When it comes to decision-making in an organization, it is not just the decision itself that matters, but who is responsible for making the decision.

In well-run organizations, there is a clear distinction between the decisions that should be made by top-level leaders in governance and those that should be made by managers at the operational level. When this line is crossed, unintended consequences can affect the organization and its employees.

Recently, the Board of Trustees for the Office of Hawaiian Affairs (OHA) felt it was necessary to cross this line and address the organization’s telework practice.

On June 1, 2023, following a closed executive session, the trustees voted eight to one “…to end the Office of Hawaiian Affairs’ present teleworking practice effective July 1, 2023.”

While I firmly believe that my colleagues acted in good faith and voted based on what they believed was the best interest of the organization, I found it necessary to vote against this action. My decision was guided by the principle that trustees should focus on governance rather than management. This means that trustees should concentrate on analyzing, approving, and implementing sound governance policies, while leaving the day-to-day management of staff to OHA’s administrative leaders.

The crucial distinction between governance and management is widely recognized in both the public and private sectors. For example, the Good Governance Institute in London advocates for this separation as it allows board members to focus on the bigger picture while leaving operational aspects to managers.*

The recent action by OHA’s board, which saw trustees taking on an administrative role, raises the concern that we are not operating according to established best practices. It also sends a confusing signal to prospective candidates as the board begins the process of recruiting a new CEO. We will have a difficult time attracting the most qualified and experienced executive talent to work in an environment where the roles of the board and CEO are not clearly defined or followed.

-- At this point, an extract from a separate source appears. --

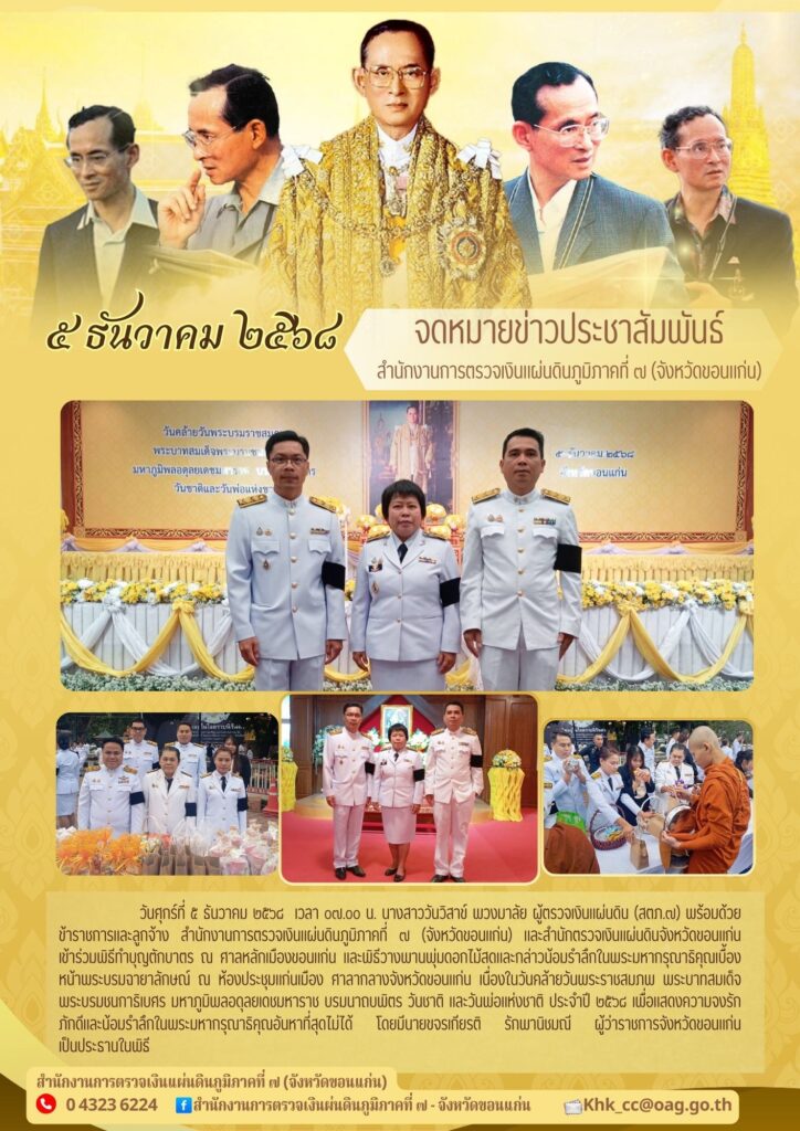 ข้าราชการและลูกจ้างสำนักงานการตรวจเงินแผ่นดินภูมิภาคที่ 7 (จังหวัดขอนแก่น) เข้าร่วมกิจกรรมวันคล้ายวันพระบรมราชสมภพ พระบาทสมเด็จพระบรมชนกาธิเบศร มหาภูมิพลอดุลยเดชมหาราช บรมนาถบพิตร วันชาติและวันพ่อแห่งชาติ วันที่ 5 ธันวาคม 2568

Additionally, the board should take into consideration concerns raised by OHA’s administration in response to the directive to end telework. Administration leaders have expressed that OHA has not engaged in comprehensive discussions that weigh the pros and cons of telework to make an informed decision.

Furthermore, they point out that there has not been adequate evaluation of the productivity levels of teleworking employees compared to those who work at the office. These concerns underscore the importance of conducting thorough discussions and research before making hasty decisions.

Looking ahead, it would be prudent for OHA to reconsider the option of telework after conducting careful due diligence and research, especially given the fact that we have a high number of staff vacancies within OHA. In a post-COVID world, telework can play a role in attracting and retaining talent – something that could help fill the current vacancies.

Essentially, telework is a tool that OHA’s CEO and administrative leaders should have at their disposal to utilize as they see fit.

In conclusion, there is more here at stake than the debate over governance and management practices. We must remember that OHA’s staff are not just workers; they are individuals with families, who deserve to be valued and respected. Rapid decisions made without adequate due diligence could inadvertently impact their lives and the morale of the organization.

For the sake of our staff and the beneficiaries of OHA, let us treat one another as ‘ohana: Aloha kekahi i kekahi.